National fuel economy targets will now barely inch forward by 1.5% through 2026. On the day that the Trump administration gutted Obama-era efficiency standards, Volvo said that it was talking with California.
Geely, the Chinese automaker, owns the Volvo and Polestar brands, which have robust electric vehicle programs. Volvo plans to launch an all-electric car every year for the next five years. By 2025, Volvo wants all-electric vehicles to represent 50% of its global sales.
In January, Volvo opened online orders for its first mass-produced EV — the Volvo XC40 Recharge. A $1,000 deposit is required for a reservation. The 402-horsepower all-electric crossover will provide more than 200 miles on a single charge.
Volvo now joins the other four automakers in volunteering to meet more stringent emissions goals set by California. The companies said they wouldn’t support federal legal challenges to the state’s ability to set its own rules.
On the other side of history (and clean air), Fiat-Chrysler, GM, and Toyota sided with the White House — calling for a national standard that is now weakened.
Volvo told Reuters that its deal with California “will serve as a national path forward.”
An analysis by the Environmental Defense Fund projects that the weaker standards will produce 1.5 billion additional metric tons of climate-warming pollution by 2040, about as much as 68 coal plants running for five years. The analysis also projects that the new rules will contribute to more than a quarter-million asthma attacks by mid-century.
Five car companies have taken the side of perhaps the country’s most consequential environmental rules.
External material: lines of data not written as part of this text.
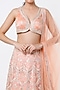 Featuring a peach lehenga in organza base with gota and thread work. It is paired with a matching blouse and a net dupatta.
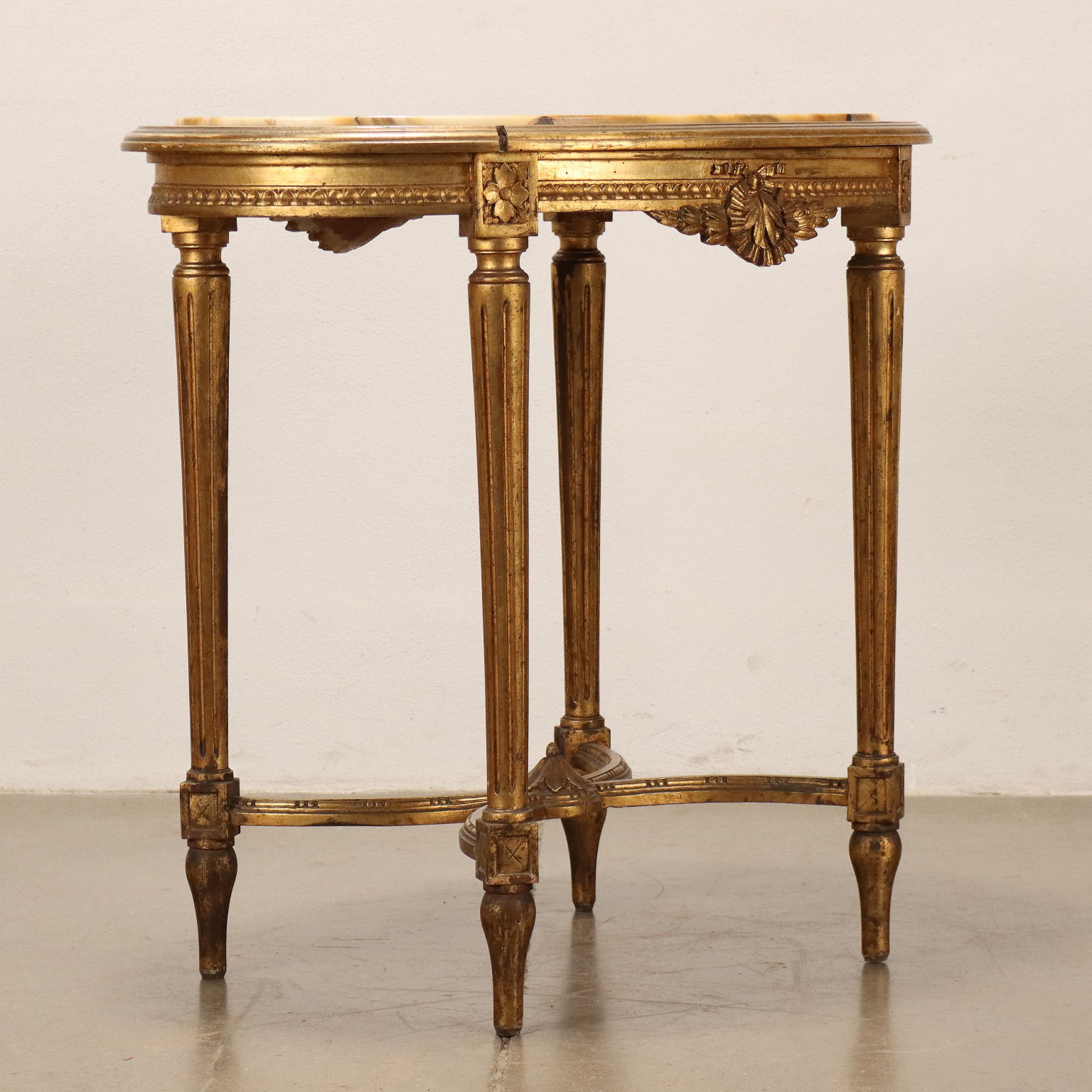 Mesa de centro ovalada de estilo neoclásico en madera dorada con tapa de ónix empotrada, banda bajo la tapa tallada con elementos frondosos, nudo de amor central y rosetones en correspondencia con las patas troncocónicas acanaladas y conectados por dos travesaños semicirculares con rosetón central. Italia siglo XX
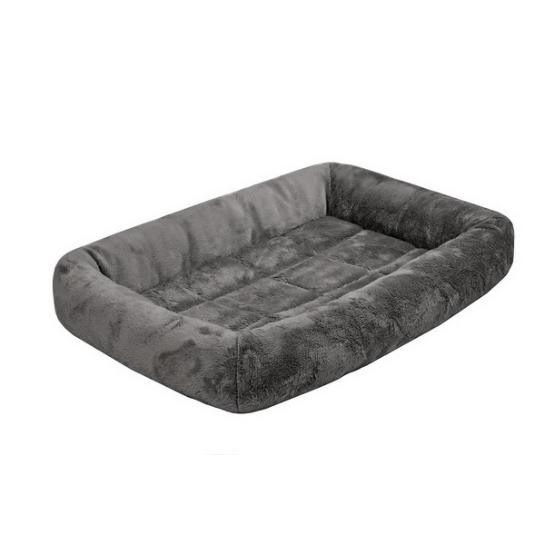 - Zоо-М Лежанка прямоуг.с валиком ^LAMA^55*40*8см(серый плюш.мех+сатин в/о,с/пух+поролон)
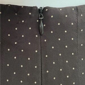 Elegant and timeless, this Theory skirt is crafted from a luxurious silk-spandex blend that drapes beautifully while offering a hint of stretch for comfort. Featuring a classic brown base with cream polka dots, pleated A-line silhouette, and hidden back zipper, this versatile piece transitions seamlessly from workwear to evening outings.
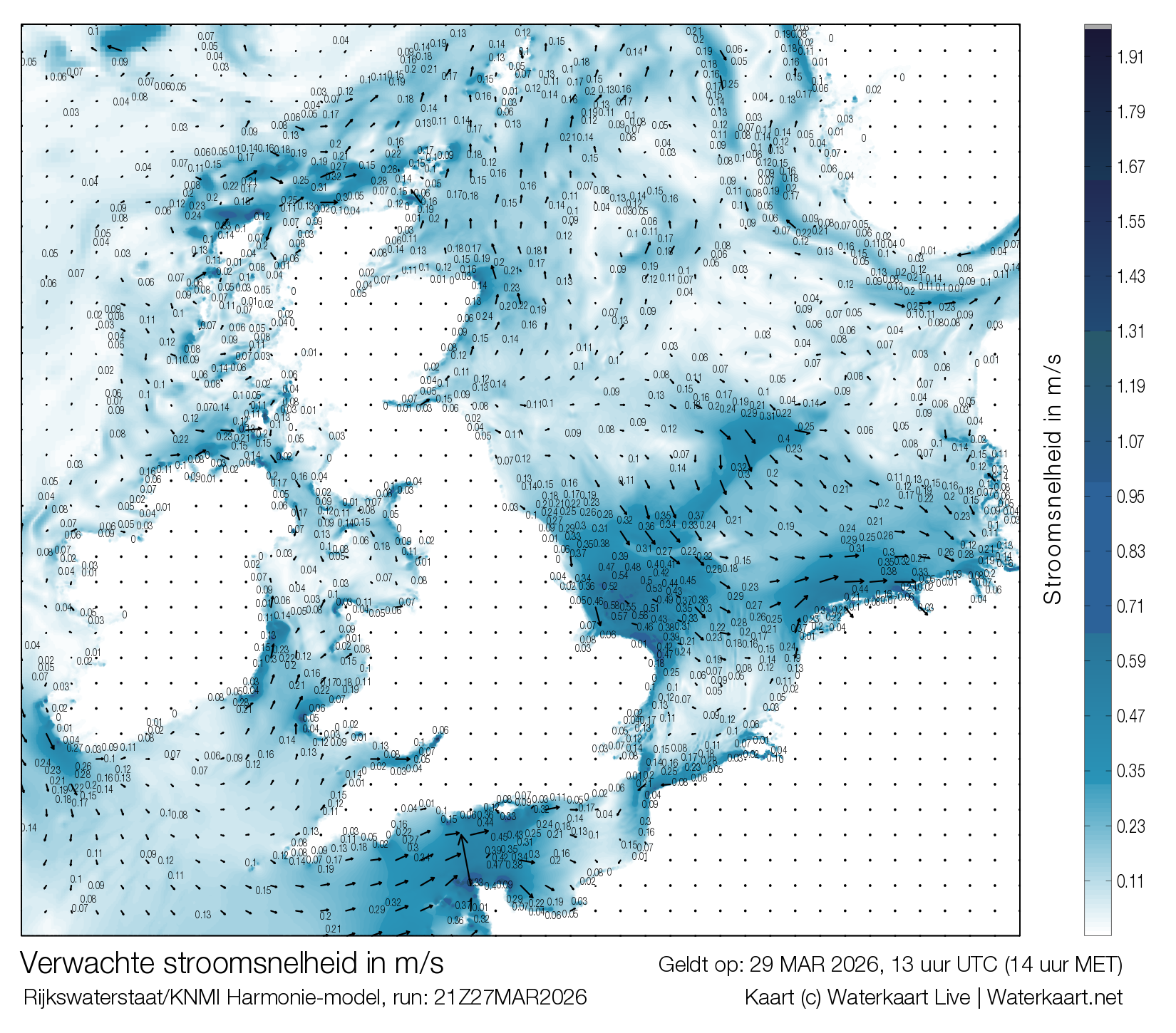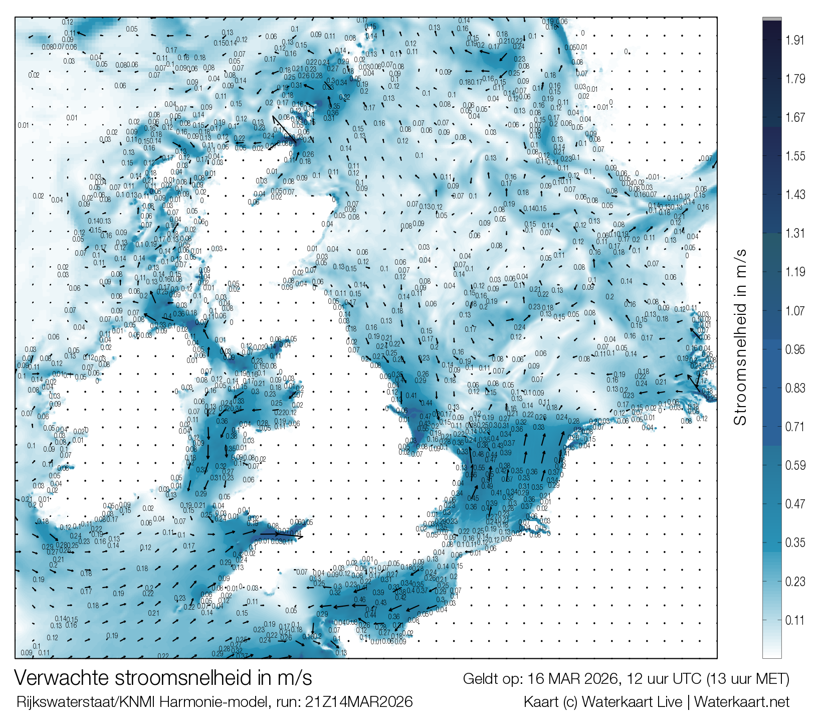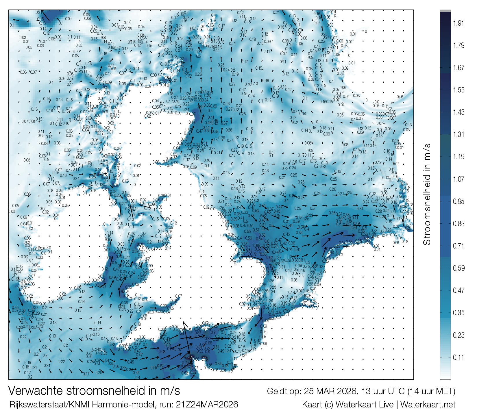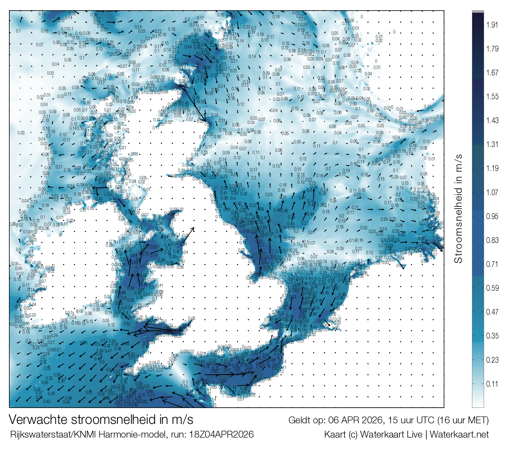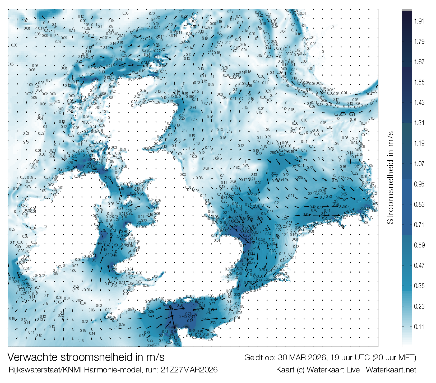 Stroomsnelheden in de Noordzee op basis van de Stroomatlas, verrekend met weersinvloeden. Deze worden iedere dag ververst met data uit het zeestromingen model van Rijkswaterstaat op basis van Harmonie weerdata, voor ieder uur een kaart, tot 48 uur in de toekomst. Lees hieronder meer over dit model

Fiat-Chrysler, GM, and Toyota remain stubbornly in favor of the Trump administration. GM is forced to twist logic into a pretzel to justify its stance.
Following Trump’s watering down of national vehicle efficiency rules last week, Ford doubled down on its commitment to California. Bob Holycross, Ford’s vice president of sustainability, environment, and safety engineering, said:
We remain committed to meeting emission reductions consistent with the California framework and continue to believe this path is what’s best for our customers, the environment, and the short- and long-term health of the auto industry.
We can practically write off Fiat-Chrysler and Toyota when it comes to EVs. But General Motors last month unveiled 10 robust electric vehicles in one day. Besides, Trump picked a fight with GM CEO Mary Barra last month over the company’s production of ventilators.
Barra could make her feelings known to Trump by following Volvo’s move and striking a deal with California. At the same time, GM would be taking a firm stand in support of the environment and its future electric vehicles.